## THE PROBLEM
With pictures omitted, restate the data word for word.

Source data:

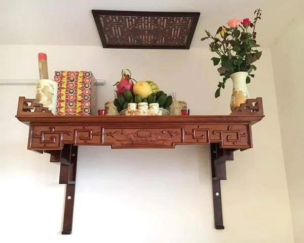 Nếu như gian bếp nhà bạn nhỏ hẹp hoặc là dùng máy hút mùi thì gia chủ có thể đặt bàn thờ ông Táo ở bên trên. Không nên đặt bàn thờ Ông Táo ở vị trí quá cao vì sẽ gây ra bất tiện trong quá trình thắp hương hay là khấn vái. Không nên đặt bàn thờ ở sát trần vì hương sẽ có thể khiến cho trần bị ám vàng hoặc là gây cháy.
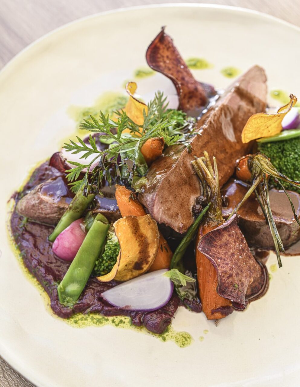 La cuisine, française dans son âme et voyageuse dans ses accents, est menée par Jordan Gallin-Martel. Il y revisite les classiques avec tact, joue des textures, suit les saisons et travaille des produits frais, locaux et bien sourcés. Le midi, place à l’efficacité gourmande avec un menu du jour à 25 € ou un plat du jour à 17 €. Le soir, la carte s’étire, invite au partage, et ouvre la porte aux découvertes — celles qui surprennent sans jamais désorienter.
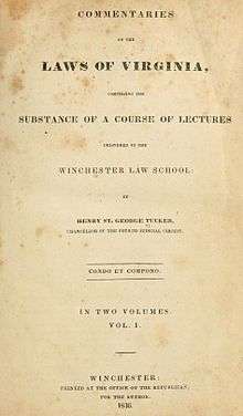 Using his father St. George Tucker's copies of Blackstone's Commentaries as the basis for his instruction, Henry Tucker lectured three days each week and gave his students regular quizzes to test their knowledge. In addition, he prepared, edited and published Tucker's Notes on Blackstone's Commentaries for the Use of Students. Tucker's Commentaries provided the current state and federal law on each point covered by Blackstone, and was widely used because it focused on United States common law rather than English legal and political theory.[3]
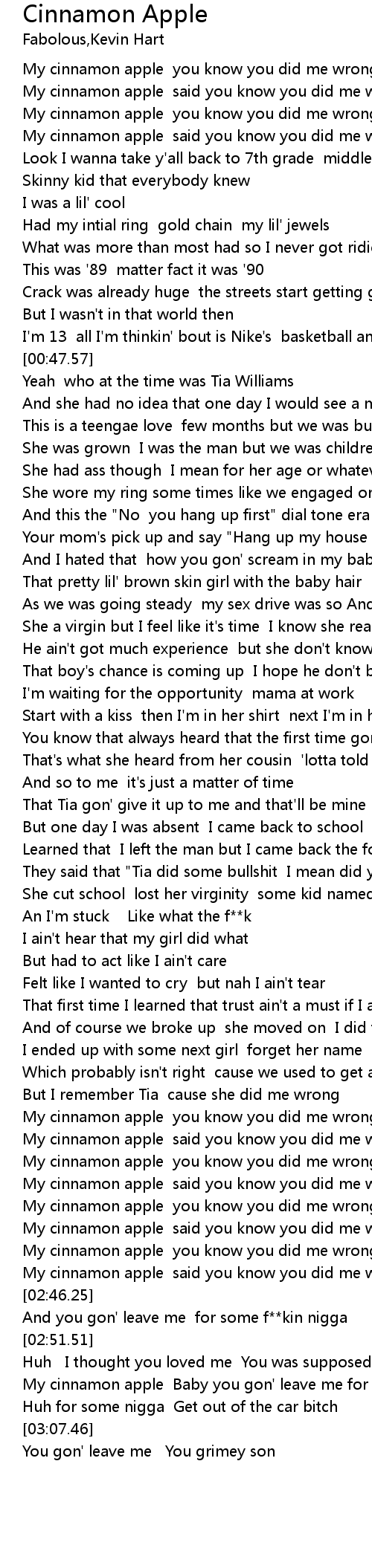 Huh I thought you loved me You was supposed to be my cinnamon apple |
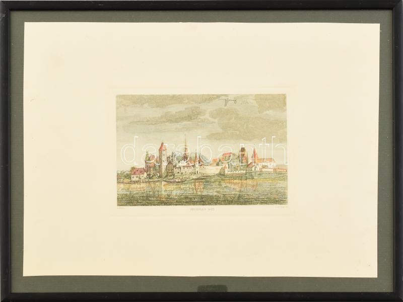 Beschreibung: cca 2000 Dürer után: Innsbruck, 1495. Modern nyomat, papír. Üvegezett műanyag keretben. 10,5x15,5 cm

## ANSWER TO THIS TASK
 Nếu như gian bếp nhà bạn nhỏ hẹp hoặc là dùng máy hút mùi thì gia chủ có thể đặt bàn thờ ông Táo ở bên trên. Không nên đặt bàn thờ Ông Táo ở vị trí quá cao vì sẽ gây ra bất tiện trong quá trình thắp hương hay là khấn vái. Không nên đặt bàn thờ ở sát trần vì hương sẽ có thể khiến cho trần bị ám vàng hoặc là gây cháy.
 La cuisine, française dans son âme et voyageuse dans ses accents, est menée par Jordan Gallin-Martel. Il y revisite les classiques avec tact, joue des textures, suit les saisons et travaille des produits frais, locaux et bien sourcés. Le midi, place à l’efficacité gourmande avec un menu du jour à 25 € ou un plat du jour à 17 €. Le soir, la carte s’étire, invite au partage, et ouvre la porte aux découvertes — celles qui surprennent sans jamais désorienter.
 Using his father St. George Tucker's copies of Blackstone's Commentaries as the basis for his instruction, Henry Tucker lectured three days each week and gave his students regular quizzes to test their knowledge. In addition, he prepared, edited and published Tucker's Notes on Blackstone's Commentaries for the Use of Students. Tucker's Commentaries provided the current state and federal law on each point covered by Blackstone, and was widely used because it focused on United States common law rather than English legal and political theory.[3]
 Huh I thought you loved me You was supposed to be my cinnamon apple |
 Beschreibung: cca 2000 Dürer után: Innsbruck, 1495. Modern nyomat, papír. Üvegezett műanyag keretben. 10,5x15,5 cm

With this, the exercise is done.